WORK REQUEST:
Given these entries, repeat exactly the lines starting with the one that has "目の前で起こる奇跡のマジック" and going on through the one that has "Castañas peladas e conxeladas.", both included, but none of the pictures.

Recorded data:
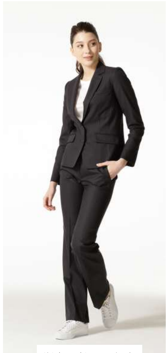
長め丈にはボリュームのある白
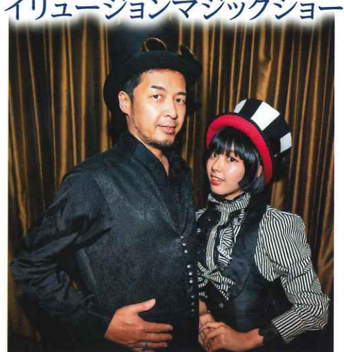
目の前で起こる奇跡のマジックの数々。女性ファンも多く、彼のマジックを見ていると、思わず心を奪われてしまうか...
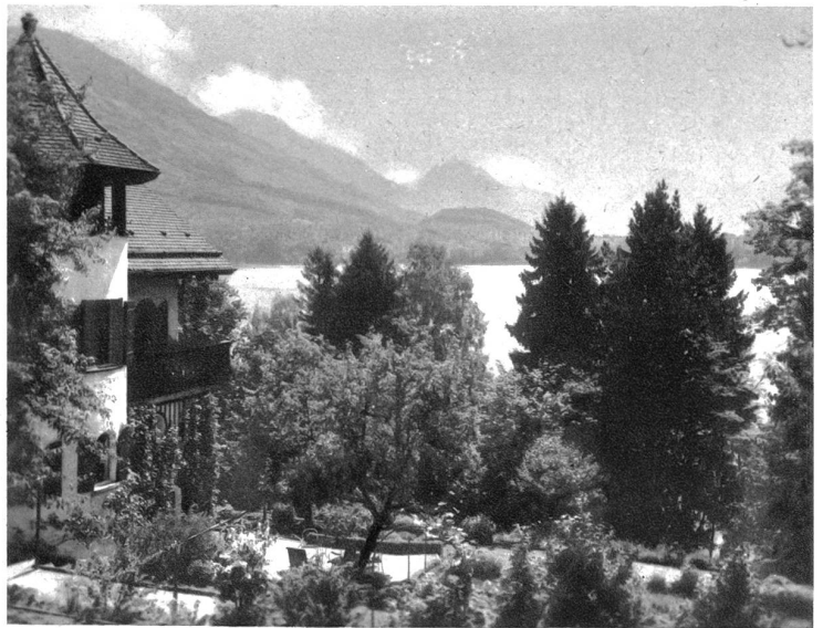
Heim des Dichters am Vierwaldstättersee
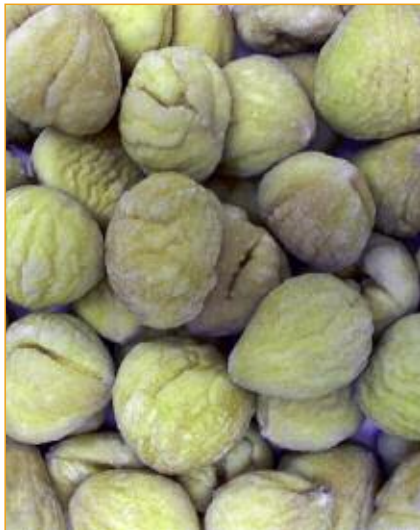
Castañas peladas e conxeladas.

Até hai poucas décadas, a castaña foi un alimento esencial para os galegos e os seus animais, principalmente até o inicio do cultivo da pataca e logo en épocas de fame como as da guerra civil española e a posguerra. Foi un habitual na cociña dos nosos avós, no caldo, cocidas con leite, coa carne, no cocido... Era frecuente que se plantasen castiñeiros no perímetro dunha finca a labradío ou nas beiras dos camiños, con diferentes variedades, unhas máis temperás e outras máis tardías, para prolongar ao máximo a dispoñibilidade de froito para o consumo. Mais o que daquela era unha boa estratexia para o autoconsumo, tradúcese hoxe nun problema de falta de homoxeneidade nas castañas, xa que os lotes compóñense, na meirande parte de casos, de variedades mesturadas.
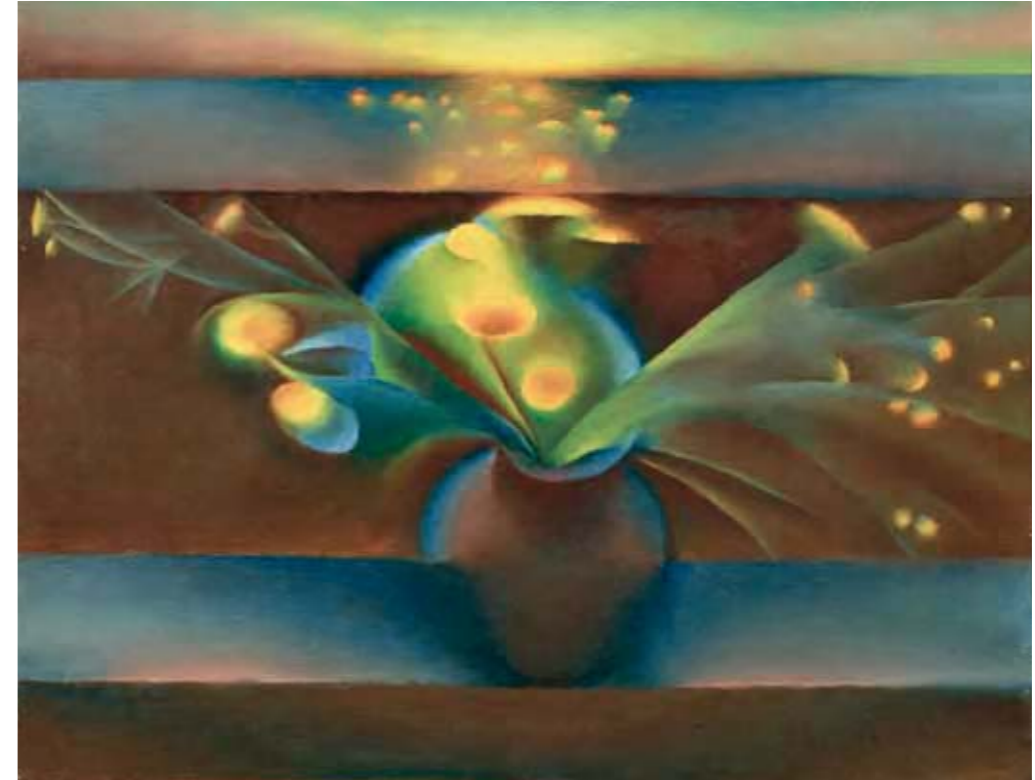
47 | BUTTERCUPS / ЛЮТИКИ 1964 70 x 90 cm
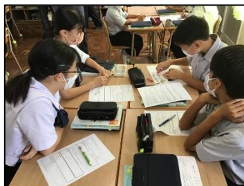
NO.104 2022年9月 臼杵市立西中学校

なお、「第2回地域授業改善協議会」を令和4年10月28日(金)に本校で開催します。組織的な授業改善を継続的、発展的に研究し続けた本校の実践を、生徒の変容を通して学ぶことができます。ぜひお越し下さい。
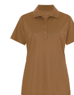
BRUN CANARD 7568C
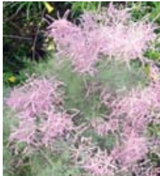
אשל סיני Tamarix Chineseis

יש בידינו אפשרות לבחור בצמחייה מתאימה מתוך מגוון רחב של פרחים, שיחים ועצים בשלל צבעים, היכולים ליצור גינה יפה וצבעונית, שצריכת המים בה נמוכה. דוגמאות כאן ובהמשך.
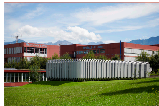
Fragen rund um Gebäudeintelligenz: Das iHomeLab der HSLU in Horw.
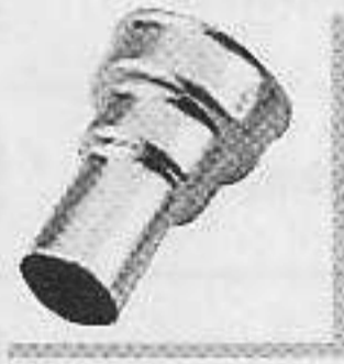
型號: 070816 名稱: 圓咀20毫米 功能: 集中較大風量
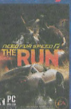
NFS: The Run
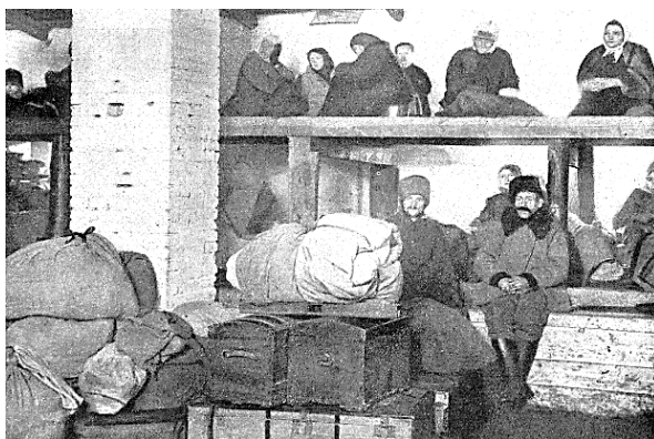
Малюнак 2 — Бежанцы ў бараку ў Баранавічах, 1922 г. [8, с. 10]

У выніку тэарэтычных падмуркі пабудовы польскага санітарнага кардону на практыцы рэалізаваліся недасканала, што выклікала негатыўныя наступствы і нават абумоўлівала рост захворвання. Антысанітарныя ўмовы пражывання бежанцаў пры знаходжанні ў каранціне, адсутнасць раздзелу хворых і здравых людзей і іх сумеснае знаходжанне выклікала заражэнне нават здравых бежанцаў тыфам. Так, паводле ўспамінаў Л. Галяка нават пасля тыднёвай дэзінфекцыі яго сям'я заразілася сыпным тыфам, што на думку аўтара адбылася менавіта падчас знаходжання на каранціннай станцыі ў Баранавічах [7, с. 30–31]. Карэспандэнт газеты «Świat» М. Фукс скончыў свой рэпартаж пра баранавіцкі рэпатрыяцыйны этап апісаннем высокай смяротнасці бежанцаў: «...трунаў не хапае, так што трупы складаюцца адзін на аднаго... Яны ўтвараюць бязладную, жудасную кучу... кроў рэжацца ў венах пры гэтым выглядзе... Яны ўсё роўна адправяцца ў агульную магілу, і ніхто са сваякоў больш не знойдзе таго месца» [8, с. 8, 11].
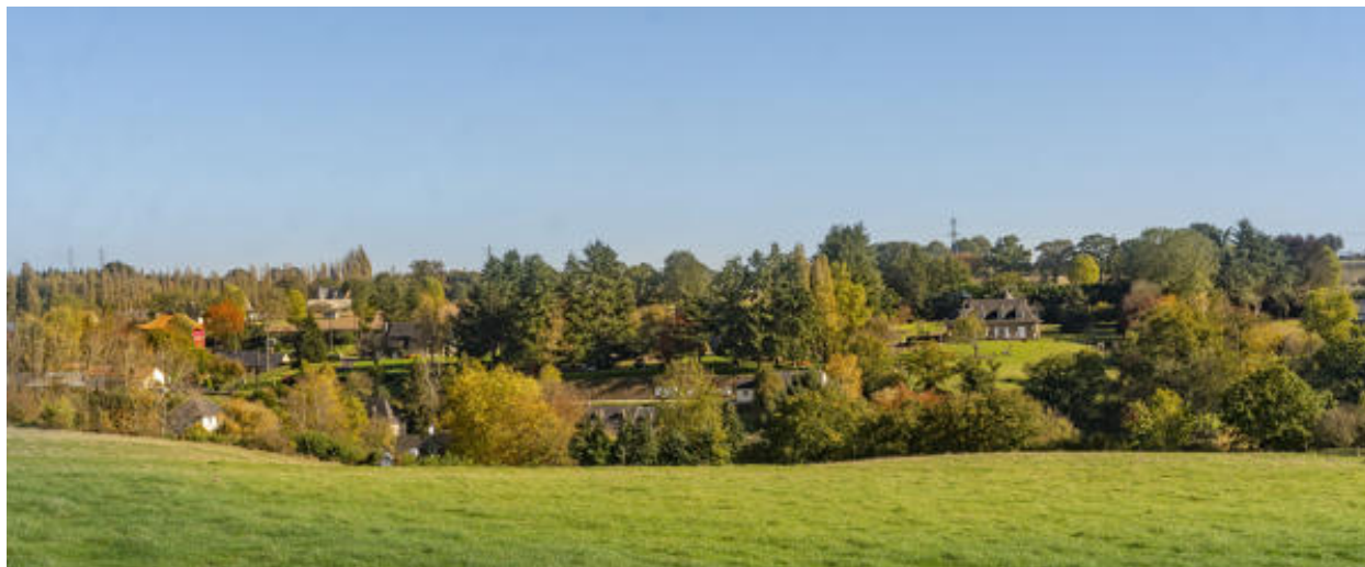
Les maisons de Beau-Rivage depuis le coteau opposé.
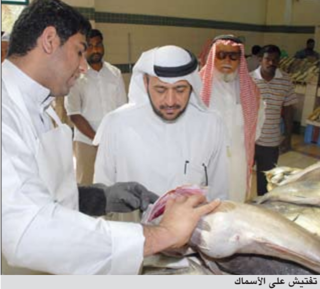
تفتيش على الأسماك

وتساءل الصويان لماذا تم تحديد 4 أشخاص وذكرتهم الهيئة باسمائهم في البيان وتركت بقية المتحدثين في المؤتمر الصحفي، مؤكداً أن غلاء أسعار السمك هو مشكلة مفتعلة من قبل الثروة السمكية، وهناك بعض
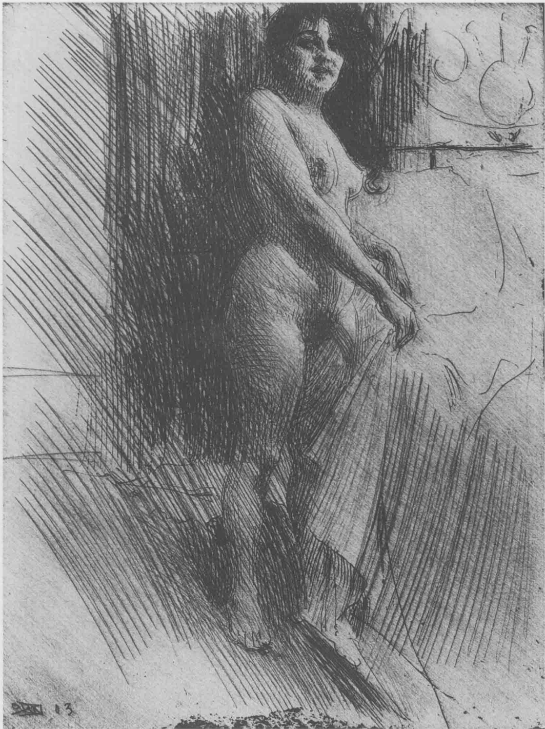
床边的女子 1903年 铜版画
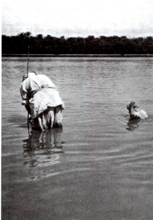
Obr. 4: Z mandejského křtu.
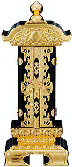
10-1 純前金 別上塗 続八双打 一重回
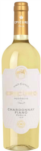
Chardonnay / Fiano epicuro IGT

Weißwein trocken 13% vol. - Apulien Im Geschmack überwiegen reife, gelbe Früchte, viel Schmelz und eine dezente aber animierende Säurestruktur.
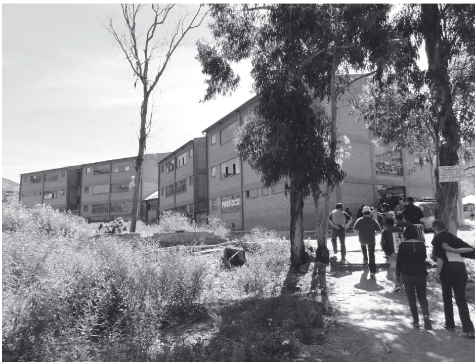
> Normalschool: leslokalen

Na de vergadering eten we samen. Ze moeten van alles weten over ons landje. Ze kunnen zich moeilijk voorstellen dat België relatief vlak is, geen hoge bergen heeft, veel wegen, een grote bevolkingsdichtheid. Als ze horen dat er hier veel auto's rijden hebben ze medelijden met onze gezondheid: er moet hier veel smog hangen. Dat zij dat idee hebben is niet zo verwonderlijk als je kijkt naar de uitlaatgassen van de Boliviaanse auto's. In de stad stinkt het werkelijk verschrikkelijk. Na die gezellige avond kruipen we tevreden in ons nestje. ▼
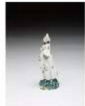
AnsRes.III,K, Miniaturfigur einer Dame, DI016052, BSV-
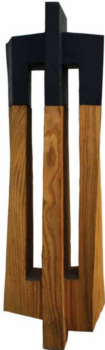
Ф пропулзија / F Propulsion дрво, метал / wood, metal h 160 cm
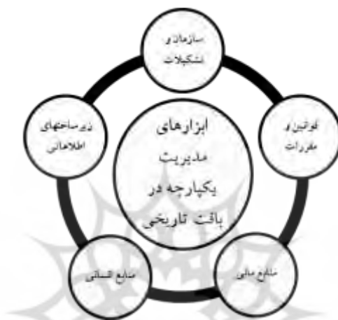
شکل ۱. مدل نظری و تحلیلی پژوهش

نیست) و این ساختارها متناسب با نیازها، اهداف و ویژگی‌هایشان سازمان را تشکیل می‌دهند؛ یعنی سازمان متناسب با ساختار و ساختار متناسب با نهاد است. روابط عملکردی درون‌سازمانی و برون‌سازمانی می‌تواند متضمن تفرق یا یکپارچگی مدیریت شهری باشد (کاظمیان، ۱۳۸۹، ص. ۲۹).
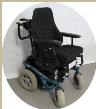
2717/ Segítő által irányítható elektromos rokkantkocsi 60e Ft-tól

RESULT OF THIS EXERCISE:
目の前で起こる奇跡のマジックの数々。女性ファンも多く、彼のマジックを見ていると、思わず心を奪われてしまうか...
Heim des Dichters am Vierwaldstättersee
Castañas peladas e conxeladas.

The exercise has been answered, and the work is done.